- _AVAILABLE DATA_
-- Opening Marker --
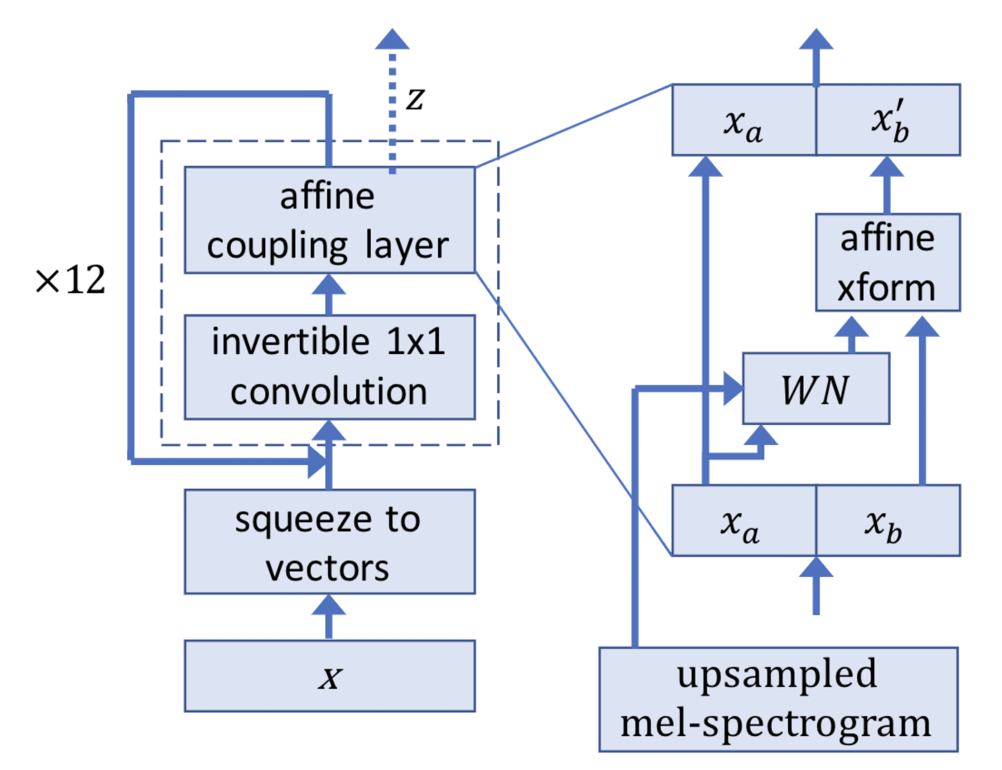 WaveGlow combines insights from Glow and WaveNet to provide fast, efficient and high quality audio synthesis without the need for auto-regression. WaveGlow is implemented using only a single network, trained using only a single cost function, i.e. maximizing the likelihood of the training data, which makes the training procedure simple and stable. Despite the simplicity of the model, our Pytorch implementation could synthesizes speech at more than 500kHz on an NVIDIA V100 GPU, and its audio quality is as good as the best publicly available WaveNet implementation trained on the same data. The model network is most similar to the recent Glow work as shown below. For the forward pass through the network, we take groups of 8 audio samples as vectors, which is called as “squeeze” operation. We then process these vectors through several “steps of flow”, each of which consists of an invertible 1x1 convolution followed by an affine coupling layer. Please refer to [TTS-MODELS7] for details.
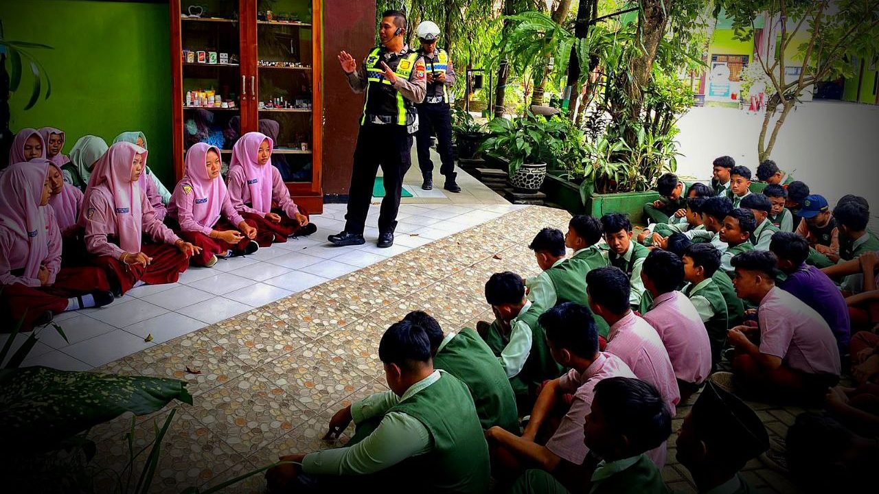 Foto: Anggota Unit Kamsel Satlantas Polres Trenggalek sedang memberikan edukasi kepada pelajar MTSN 2 Trenggalek (Mondes/Her) TRENGGALEK – Mondes.co.id | Libur panjang Natal dan Tahun Baru (Nataru) telah selesai, begitu pula dengan libur sekolah.
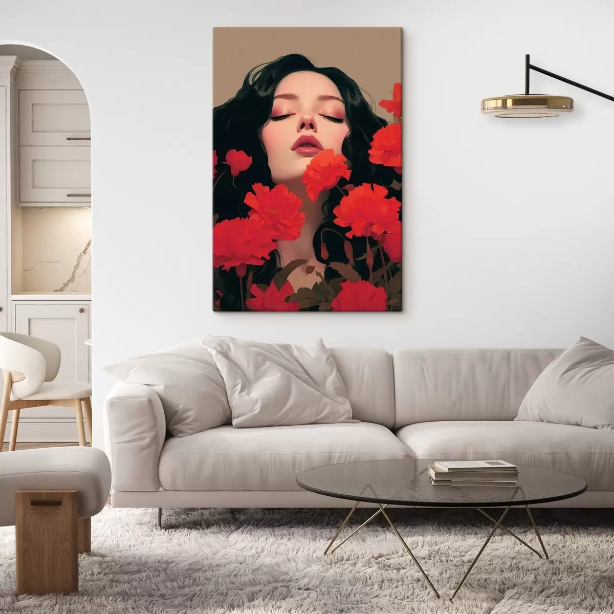 Картина Жіночий портрет серед червоних квітів Арт. s42478
-- Closing Marker --
- _WORK REQUEST_
Could you reproduce all of the material exactly? Keep the pictures out of it.

- _ANSWER AREA_
 WaveGlow combines insights from Glow and WaveNet to provide fast, efficient and high quality audio synthesis without the need for auto-regression. WaveGlow is implemented using only a single network, trained using only a single cost function, i.e. maximizing the likelihood of the training data, which makes the training procedure simple and stable. Despite the simplicity of the model, our Pytorch implementation could synthesizes speech at more than 500kHz on an NVIDIA V100 GPU, and its audio quality is as good as the best publicly available WaveNet implementation trained on the same data. The model network is most similar to the recent Glow work as shown below. For the forward pass through the network, we take groups of 8 audio samples as vectors, which is called as “squeeze” operation. We then process these vectors through several “steps of flow”, each of which consists of an invertible 1x1 convolution followed by an affine coupling layer. Please refer to [TTS-MODELS7] for details.
 Foto: Anggota Unit Kamsel Satlantas Polres Trenggalek sedang memberikan edukasi kepada pelajar MTSN 2 Trenggalek (Mondes/Her) TRENGGALEK – Mondes.co.id | Libur panjang Natal dan Tahun Baru (Nataru) telah selesai, begitu pula dengan libur sekolah.
 Картина Жіночий портрет серед червоних квітів Арт. s42478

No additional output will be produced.